Sudan’s Foreign Ministry also said Tuesday that JEM and several dissident groups from the Sudan Liberation Movement – that endorsed the May 5 Darfur Peace Agreement with Khartoum – had “conceded to having committed this heinous crime against their homeland.”
The ministry said authorities had launched security measures and appealed to the international community “in a bid to protect the lives of civilians and to safeguard the Peace Agreement itself against such plots.”
While stemming from Darfur, JEM is viewed as a movement with national ambitions and alleged ties to radical Muslim politicians in Khartoum. It has also joined a separate rebellion to the East of Sudan, and has bases in Eritrea.
The Sudanese foreign ministry implicitly warned its neighbors – Eritrea to the southeast and Chad to the west – against supporting Darfur rebels.
Sudan “should not be expected to remain an easy target for saboteurs, traitors and conspirators who hired themselves to loss-making foreign agendas,” the statement said.
SLM leader Minni Minnawi, who signed the Darfur peace deal, has also alleged that splinter SLM factions opposed to the agreement have recently received support from Chad.
Authorities said they were chasing the rebel troops into the desert Tuesday, but other reports indicated that sporadic fighting continued to erupt around Hamarat Sheikh, a town that lies roughly halfway between El Fasher, the capital of the remote Darfur region, and Khartoum, the Sudanese capital.
An eyewitness who talked on conditions of anonymity for fear of reprisals told The Associated Press on Monday that he saw a group of rebels attacking the town in more than 50 cars.
“They began by occupying government building and making much noise … then we heard shootings,” the witness said. “Then, they confiscated all trucks and cars belonging to private citizens and to the government,” he said.

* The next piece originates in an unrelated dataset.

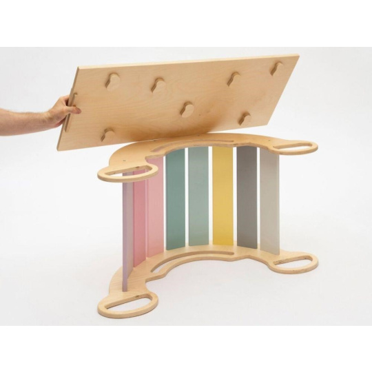 Kvalitní dřevěné oboustranné prkno (pouze k houpačce SMILE) má všestranné využití. Z jedné strany zábavná skluzavka, po které se děti sklouznou třeba na měkkou žíněnku, na druhé straně lezecká deska s úchyty, která rozvíjí pohybové dovednosti vaší holčičky i chlapce. Oboustranná deska je doplňkem k Montessori houpačce SMILE. Položená na boční hraně houpačky smile vytvoří dětem praktický stoleček ke svačince i k malování. Oboustranné prkno není možné používat s Montessori houpačkami 5in1 ELIS DESIGN. Prkno je širší než naše duhové a dřevěné houpačky. PRKNO JE DOPLŇKEM POUZE K MONTESSORI HOUPAČKÁM SMILE, kterou promění v dětský stoleček..

The region’s governor, Faisal Hassan Ibrahim, told local media on Monday that 10 police officers and several civilians were killed in the raid.
The governor, who had fled the town, confirmed eyewitness reports that rebels destroyed almost every government building in the zone.
Located some 400 kilometers (248.56 miles) west of Khartoum, Hamarat Sheikh is a desert town inhabited mostly by Arab tribal groups that mainly trade camels and food with neighboring Libya and Egypt. The spokesman for the North Kordofan region said that a state of general mobilization had been declared there.
Nearly 200,000 people have been killed and over 2 million displaced in Darfur – a vast, arid region located between Kordofan and Chad – since members of ethnic African tribes rose in revolt against the Arab-led Khartoum government in early 2003. Sudan’s government is accused of responding by unleashing the Arab-led janjaweed militias, which have been blamed for most atrocities.
Khartoum denies this, but agreed in the peace agreement to disarm the janjaweed as a preliminary condition for rebels to disarm.
Sudanese President Omar al-Bashir refuses to allow U.N. peacekeepers to be deployed in Darfur to replace a 7,000-strong African Union force that has largely failed to end violence there.